Below are some records. Retype exactly the lines from the one containing "為助力化工產(chǎn)業(yè)結構調" through the one containing "Startseite › Diagnostik", both included, skipping every picture.

DATA TO PROCESS:
—————

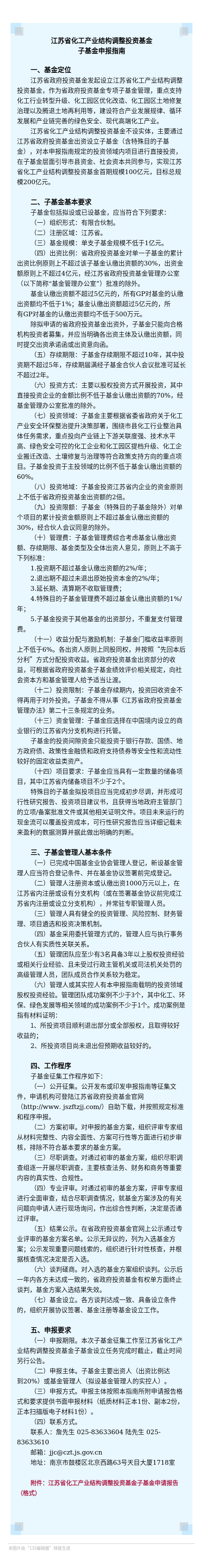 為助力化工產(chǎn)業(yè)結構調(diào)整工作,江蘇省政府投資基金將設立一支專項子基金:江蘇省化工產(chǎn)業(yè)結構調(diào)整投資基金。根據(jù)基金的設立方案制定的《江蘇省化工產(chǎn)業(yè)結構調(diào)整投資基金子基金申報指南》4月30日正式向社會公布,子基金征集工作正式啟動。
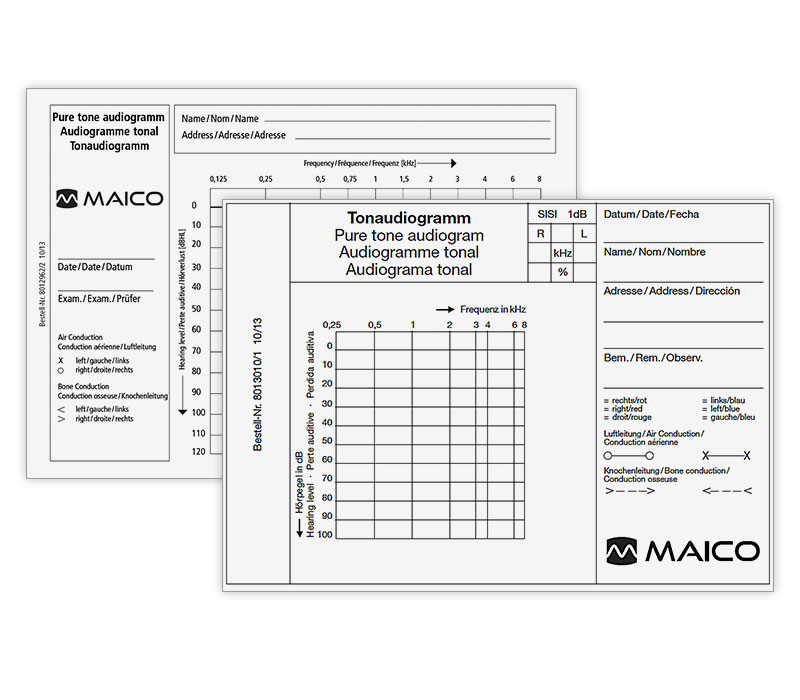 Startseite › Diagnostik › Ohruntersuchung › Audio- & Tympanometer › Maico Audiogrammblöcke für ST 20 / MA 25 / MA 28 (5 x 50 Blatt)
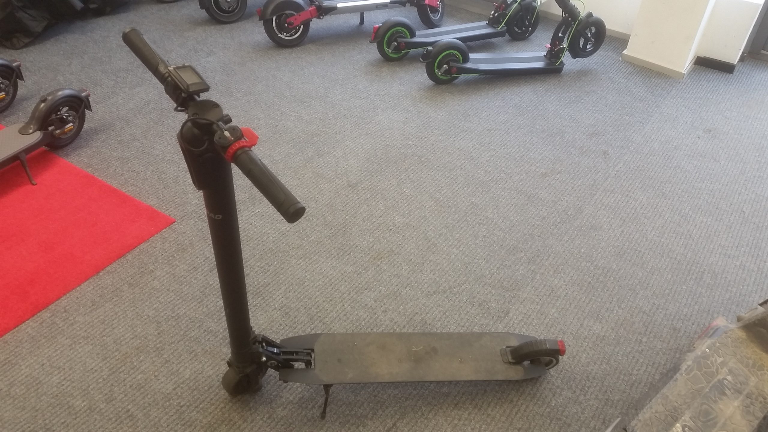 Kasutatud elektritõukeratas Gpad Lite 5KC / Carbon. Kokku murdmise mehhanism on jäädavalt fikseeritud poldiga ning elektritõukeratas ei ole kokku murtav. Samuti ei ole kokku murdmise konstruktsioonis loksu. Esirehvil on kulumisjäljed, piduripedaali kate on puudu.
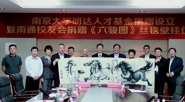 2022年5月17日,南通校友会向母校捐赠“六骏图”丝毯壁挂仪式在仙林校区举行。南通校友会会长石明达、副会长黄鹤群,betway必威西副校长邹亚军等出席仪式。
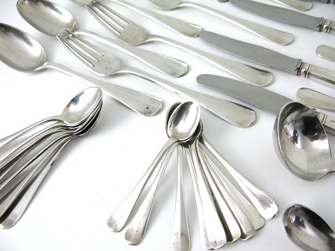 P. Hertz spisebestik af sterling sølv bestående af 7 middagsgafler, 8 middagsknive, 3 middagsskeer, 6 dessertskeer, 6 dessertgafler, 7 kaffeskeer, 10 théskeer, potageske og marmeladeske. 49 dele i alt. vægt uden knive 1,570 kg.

—————

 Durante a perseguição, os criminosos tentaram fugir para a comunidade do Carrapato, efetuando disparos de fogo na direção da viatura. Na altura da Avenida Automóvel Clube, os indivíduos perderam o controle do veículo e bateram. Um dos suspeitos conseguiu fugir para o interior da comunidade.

—————

ANSWER TO THIS TASK:
 為助力化工產(chǎn)業(yè)結構調(diào)整工作,江蘇省政府投資基金將設立一支專項子基金:江蘇省化工產(chǎn)業(yè)結構調(diào)整投資基金。根據(jù)基金的設立方案制定的《江蘇省化工產(chǎn)業(yè)結構調(diào)整投資基金子基金申報指南》4月30日正式向社會公布,子基金征集工作正式啟動。
 Startseite › Diagnostik › Ohruntersuchung › Audio- & Tympanometer › Maico Audiogrammblöcke für ST 20 / MA 25 / MA 28 (5 x 50 Blatt)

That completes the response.